=== Working data ===
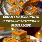 Matcha White Chocolate Motichoor Burfi is a delightful fusion dessert combining the rich creaminess of white chocolate with the earthy notes of matcha and the festive bite of motichoor ladoos. This colorful and flavorful burfi is perfect for special occasions or whenever you crave an indulgent treat with an Indian twist.
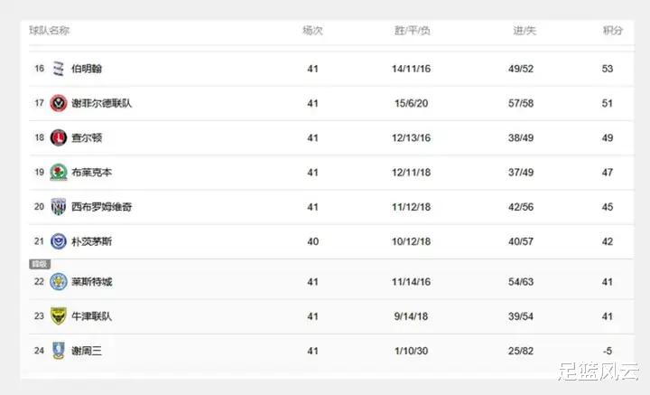 在目前的英冠比赛上,莱斯特城原本是47分,扣掉6分变成41分,跌入降级区,排名倒数第三。随后比赛也只剩下了五轮,保级形势岌岌可危。
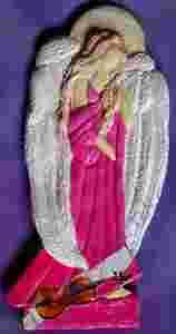 Aniołek SOFIA magenta z instrumentem muzycznym. Urodził się z gipsu ceramicznego w ramach mojej fascynacji tematyką anielską połączonej z zabawami artystycznymi.
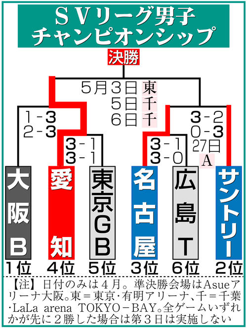 バレーボールの大同生命SVリーグ男子・チャンピオンシップ(CS)準決勝第3戦が行われる。2位のサントリーは名古屋と対戦する
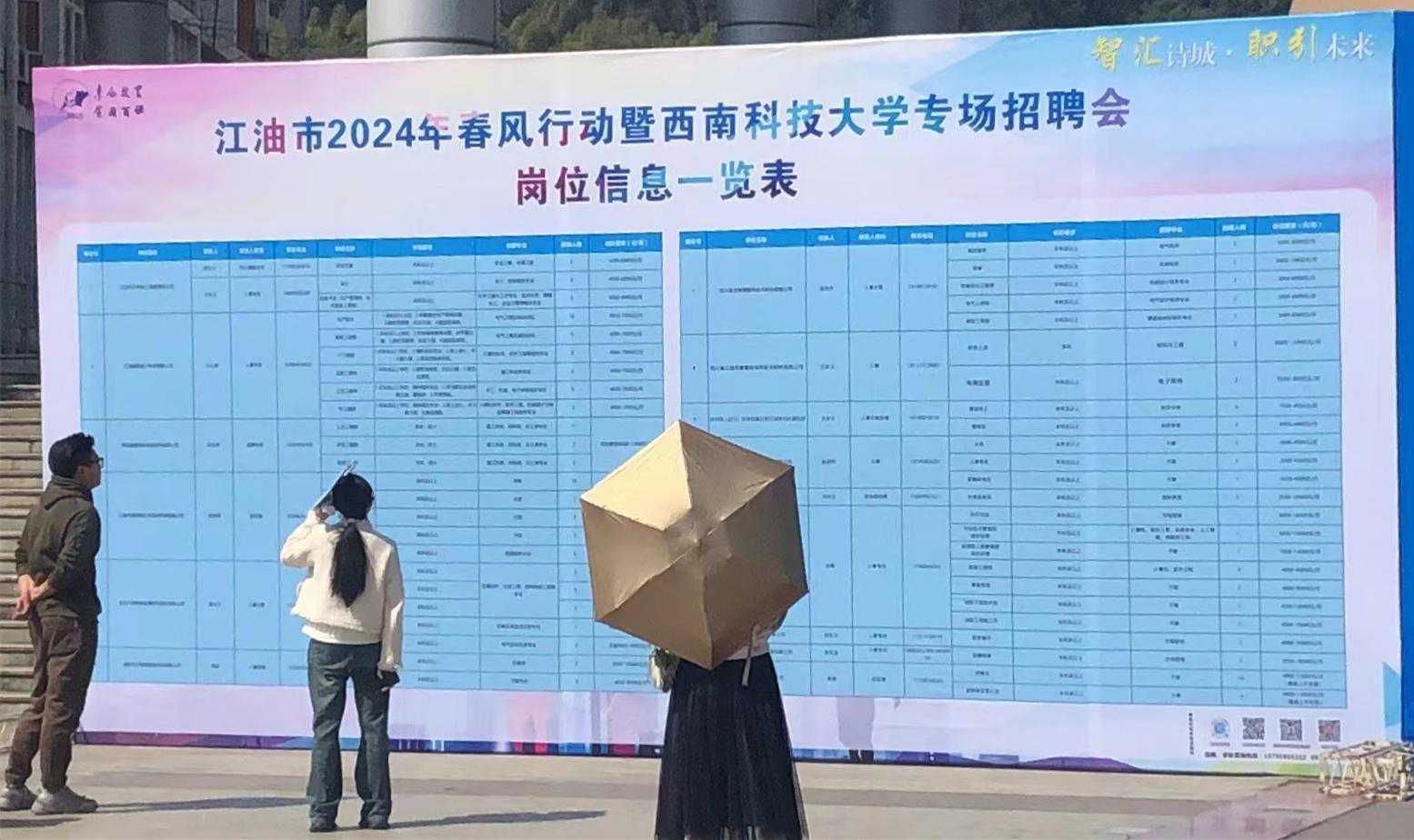 为促进高校毕业生多渠道充分就业,助力企业招才引智,3月28日,江油市2024年春风行动暨西南科技大学专场招聘会在西南科技大学青义校区东八广场举办。

=== What you should do ===
Each record should appear again exactly as it stands, with no picture included.

=== Reply to the exercise ===
 Matcha White Chocolate Motichoor Burfi is a delightful fusion dessert combining the rich creaminess of white chocolate with the earthy notes of matcha and the festive bite of motichoor ladoos. This colorful and flavorful burfi is perfect for special occasions or whenever you crave an indulgent treat with an Indian twist.
 在目前的英冠比赛上,莱斯特城原本是47分,扣掉6分变成41分,跌入降级区,排名倒数第三。随后比赛也只剩下了五轮,保级形势岌岌可危。
 Aniołek SOFIA magenta z instrumentem muzycznym. Urodził się z gipsu ceramicznego w ramach mojej fascynacji tematyką anielską połączonej z zabawami artystycznymi.
 バレーボールの大同生命SVリーグ男子・チャンピオンシップ(CS)準決勝第3戦が行われる。2位のサントリーは名古屋と対戦する
 为促进高校毕业生多渠道充分就业,助力企业招才引智,3月28日,江油市2024年春风行动暨西南科技大学专场招聘会在西南科技大学青义校区东八广场举办。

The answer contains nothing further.